Please repeat the entire listing verbatim and keep the pictures out.

# Given material
- - - - - - -

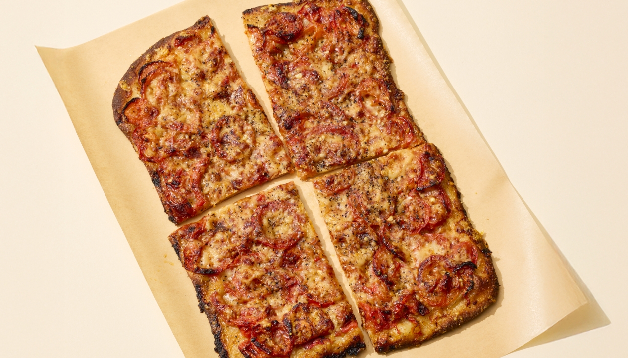 Roasted tomato and Parmesan Flatbread made with tomato marinade, olive oil, balsamic vinegar, and parmesano reggiano
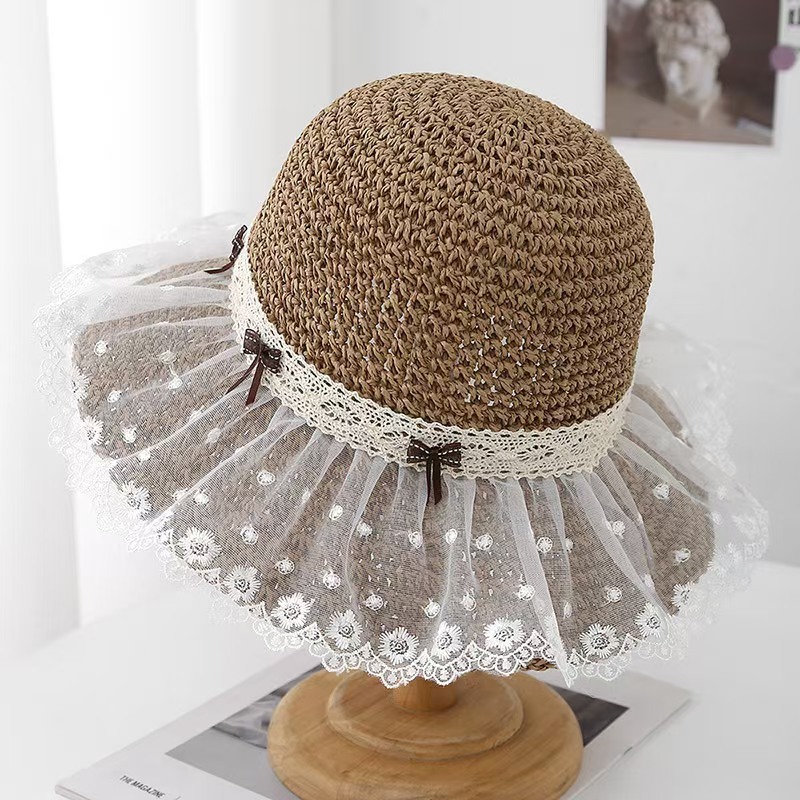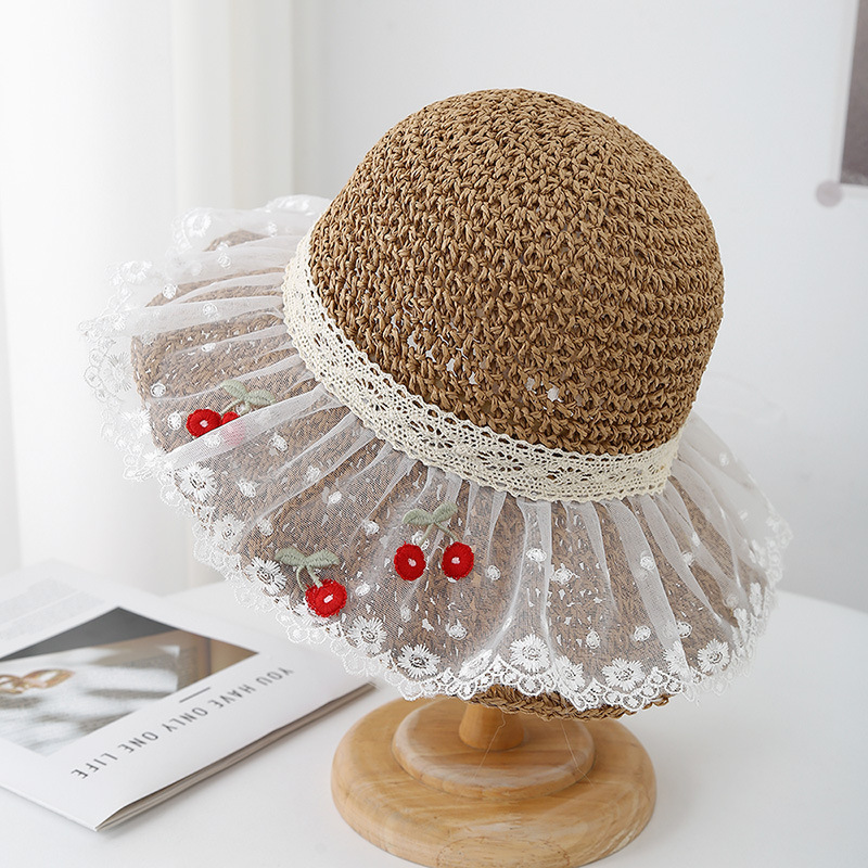 cherry lace edge small hat-khaki white flower
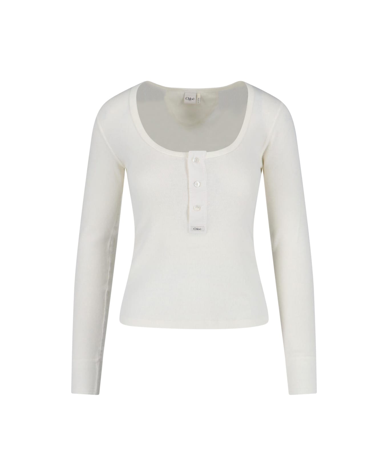 Chloé white cotton ribbed sweater with round neckline, front button closure, front logo patch, tone-on-tone embroidery detail on the back, long sleeves. Composition: 100% Cotton

- - - - - - -

# Completed exercise
 Roasted tomato and Parmesan Flatbread made with tomato marinade, olive oil, balsamic vinegar, and parmesano reggiano
 cherry lace edge small hat-khaki white flower
 Chloé white cotton ribbed sweater with round neckline, front button closure, front logo patch, tone-on-tone embroidery detail on the back, long sleeves. Composition: 100% Cotton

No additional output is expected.